Officials in Gurgaon, India are trying to round up members of a criminal gang accused of drugging poor people, stealing their kidneys, and transplanting the organs into the bodies of wealthy customers, ABC News reported today. "It sounds like the old urban legend of people lured into an apartment or house and then being robbed of their kidneys," the report begins. "But in India, it is no legend."
Well, yes and no. Not to dismiss the report, I do feel obliged to point out that it reads more like the inverse of the familiar urban legend than a case in point. In the legend, unsuspecting foreign tourists are drugged, kidnapped, and taken to makeshift operating rooms where their kidneys are stolen for sale on the black market. The actual victims, according to police, are poverty-stricken locals, enticed with promises of employment into what can only be described as a real-life house of horrors where they are forced to "donate" their organs at gunpoint.
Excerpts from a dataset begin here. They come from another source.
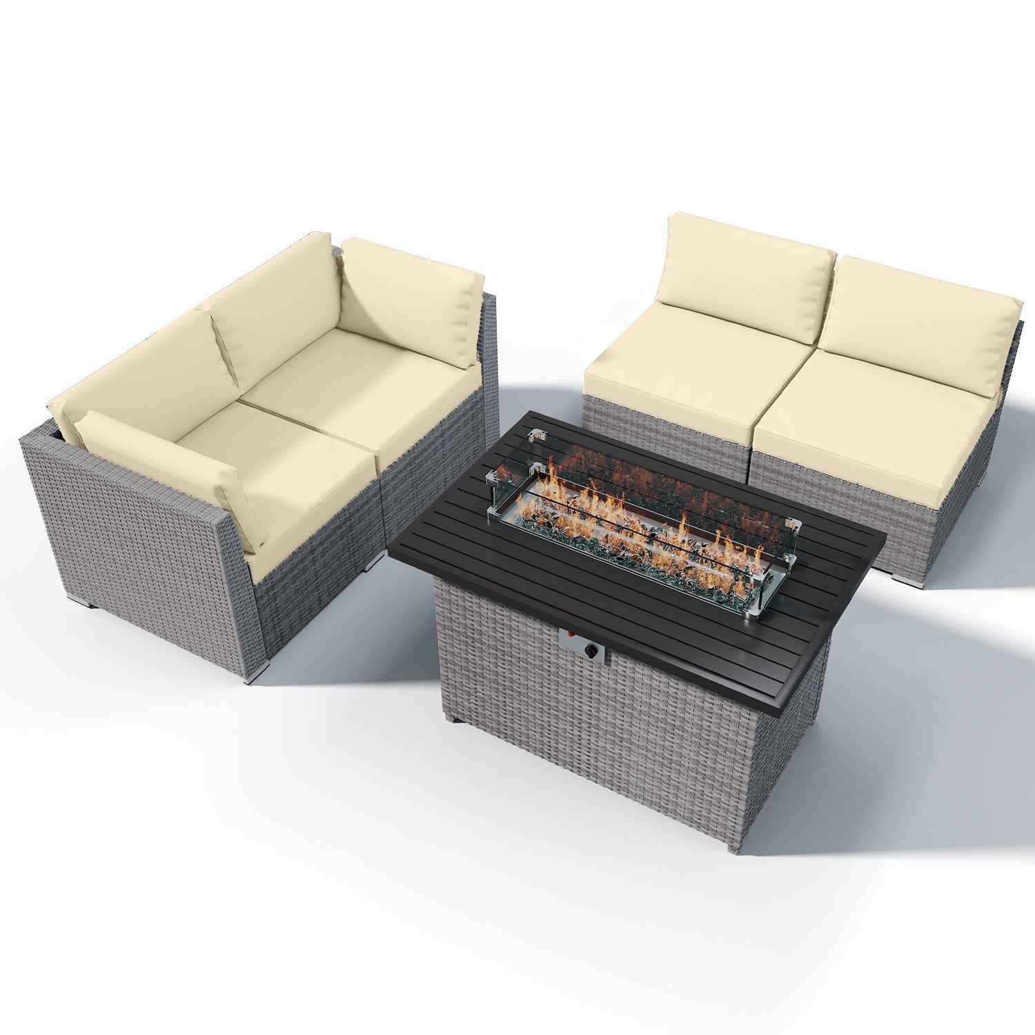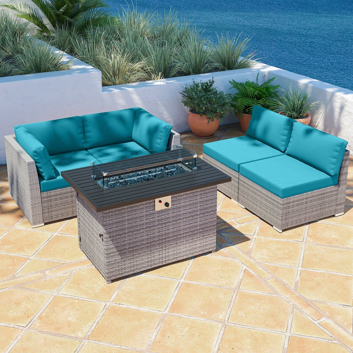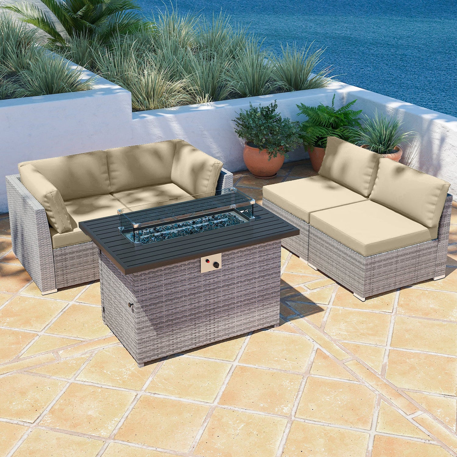 5 Piece Outdoor Wicker Patio Furniture Set with Fire Table, PE Rattan Sectional Conversation Sofa Set with Seating for 4 People
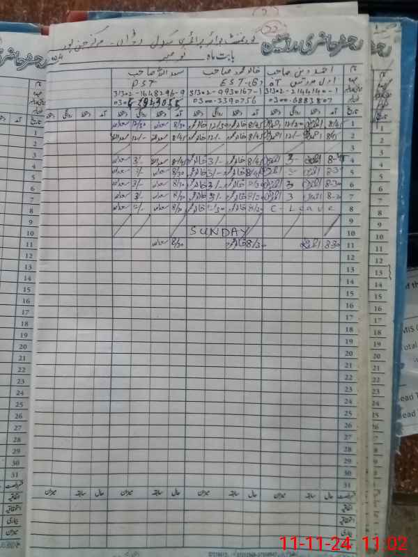 | CNIC | Full Name | Designation | R/C | Absence During Last Calender Month |
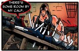 - Girly (here) features a torture chamber designed as a mock-up of hell, but when Winter and Otra arrive, there are only two prisoners. One of them is an immortal who loves being eviscerated. The other is a veterinarian who, while she has not shown any masochistic tendencies in this comic, is an Expy of an earlier character who has appeared in some less reputable comics.
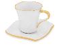Красивая чайная пара из белого фарфора с золотой каймой – отличный выбор для любителей кофе и небольших порций ароматного чая.
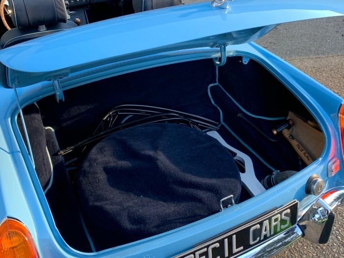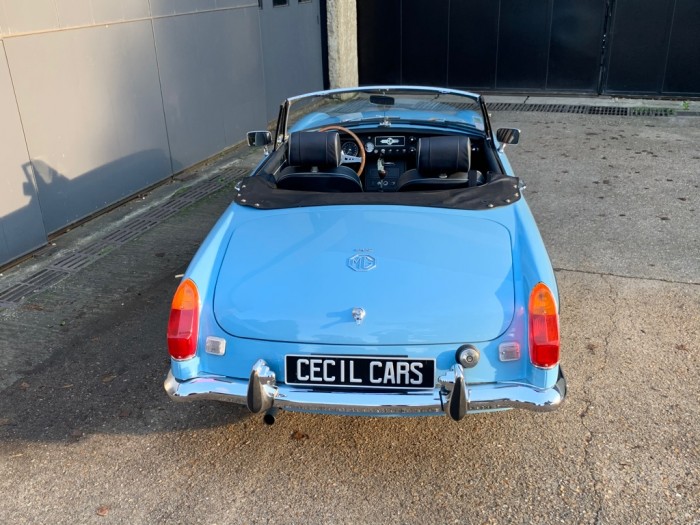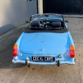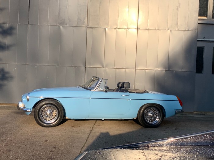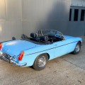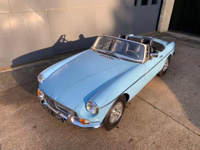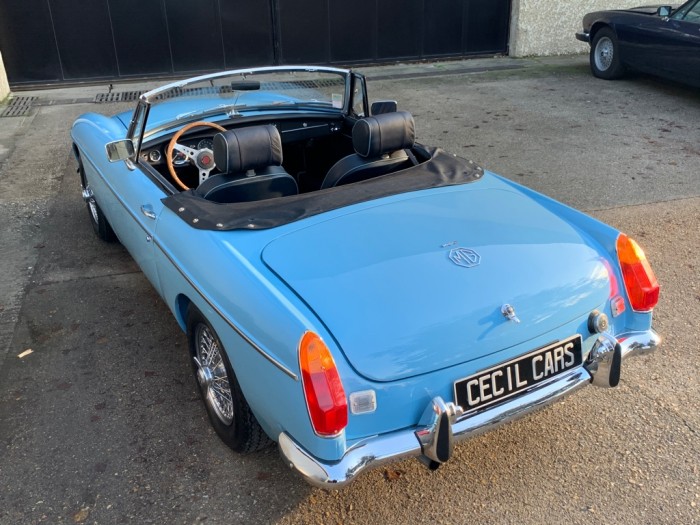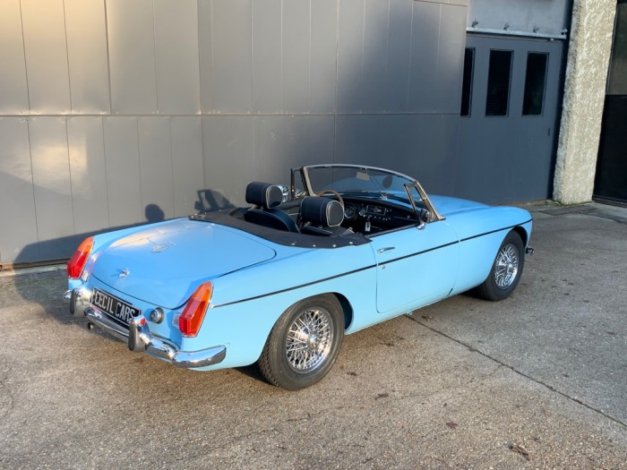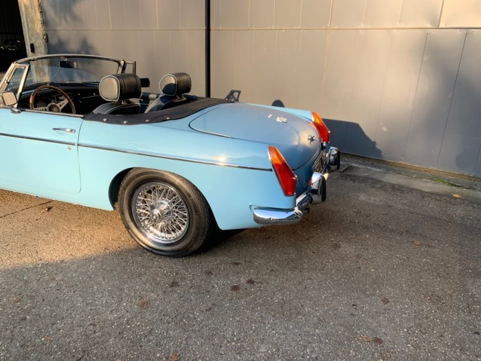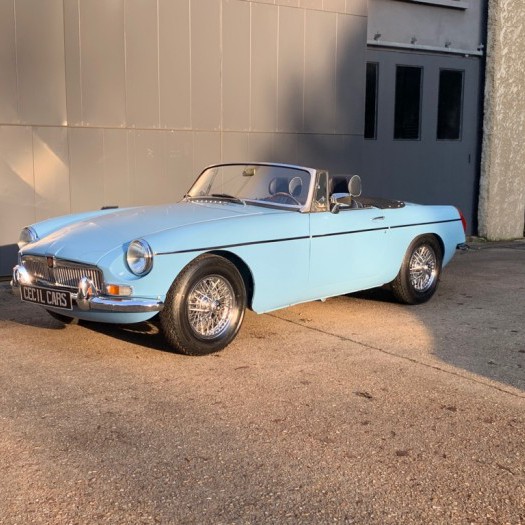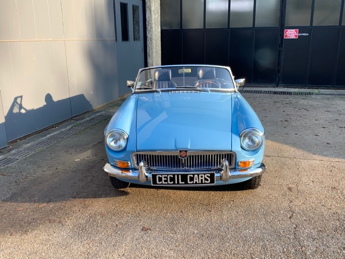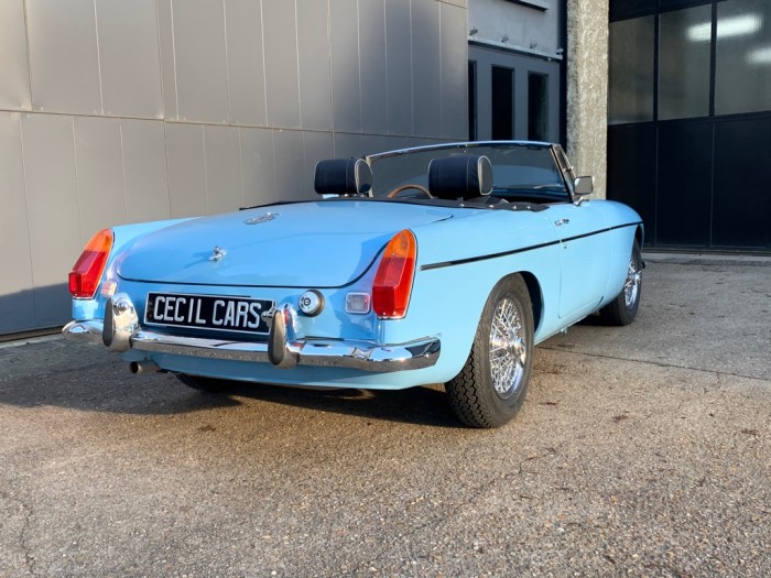 Lancée en 1962, la B est l'héritière des TC et TF d'après-guerre mais surtout de la MG A, elle sera la première à vraiment prendre en considération les attentes du marché américain, qui s'est pris de passion pour les MGA. Plus confortable, moins dépouillé avec vitres latérales et capote, plus performante et plus habitable. Ainsi, elle reçoit une caisse monocoque plus rigide et se voit équipé d'un 4 cylindres 1.8L. Ce bloc, dérivé du moteur 1 622 cm3 de la MG A, développe 95 ch et propulse la B à près de 170 km/h.
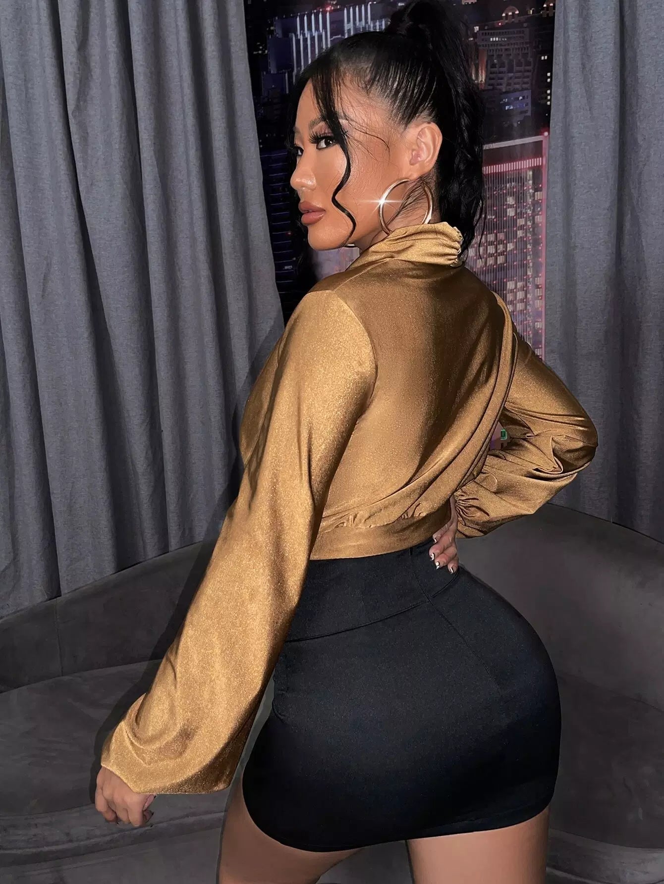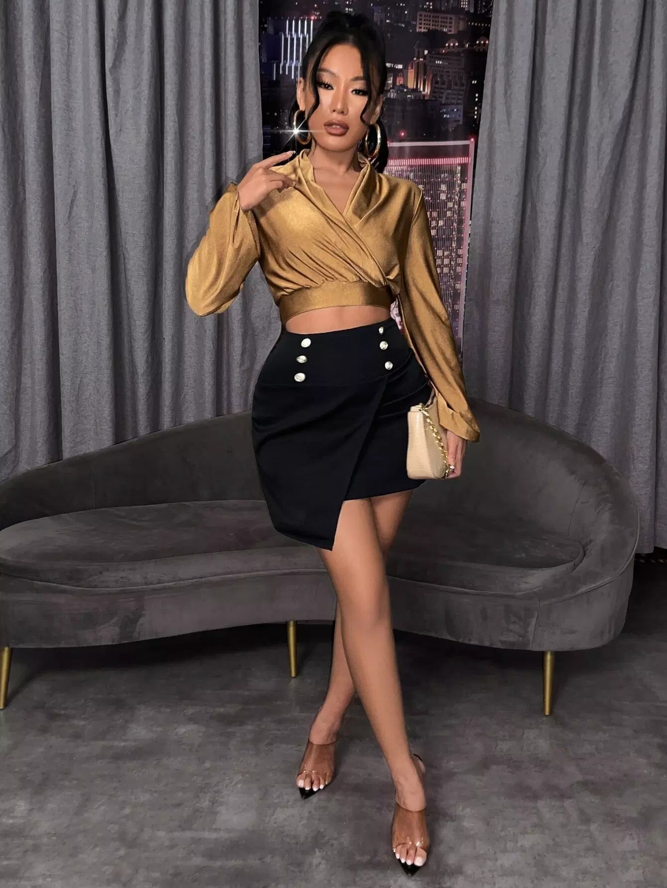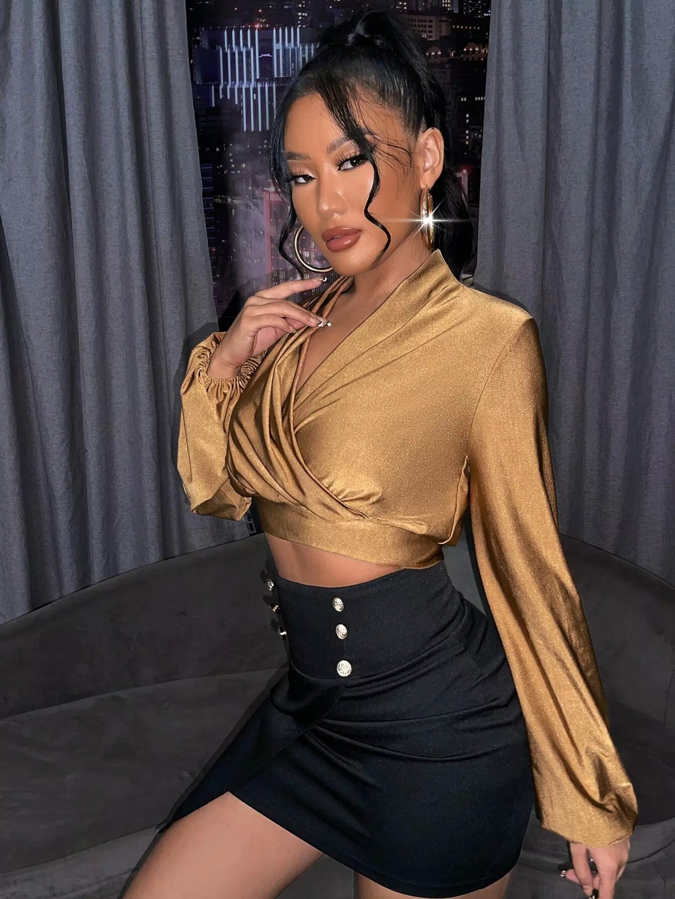 Surplice Neck Lantern Sleeve Crop Top

There are foreign tourists involved, to be sure, but in this scenario they are paying customers, not victims.
Last weekend, police raided a "luxury guest house" owned by the alleged mastermind of the kidney theft ring, Dr. Amit Kumar. Neighbors had reported seeing blood running from the gutters of the building, not to mention "blood-soaked bandages and even bits of flesh" strewn in an open lot nearby.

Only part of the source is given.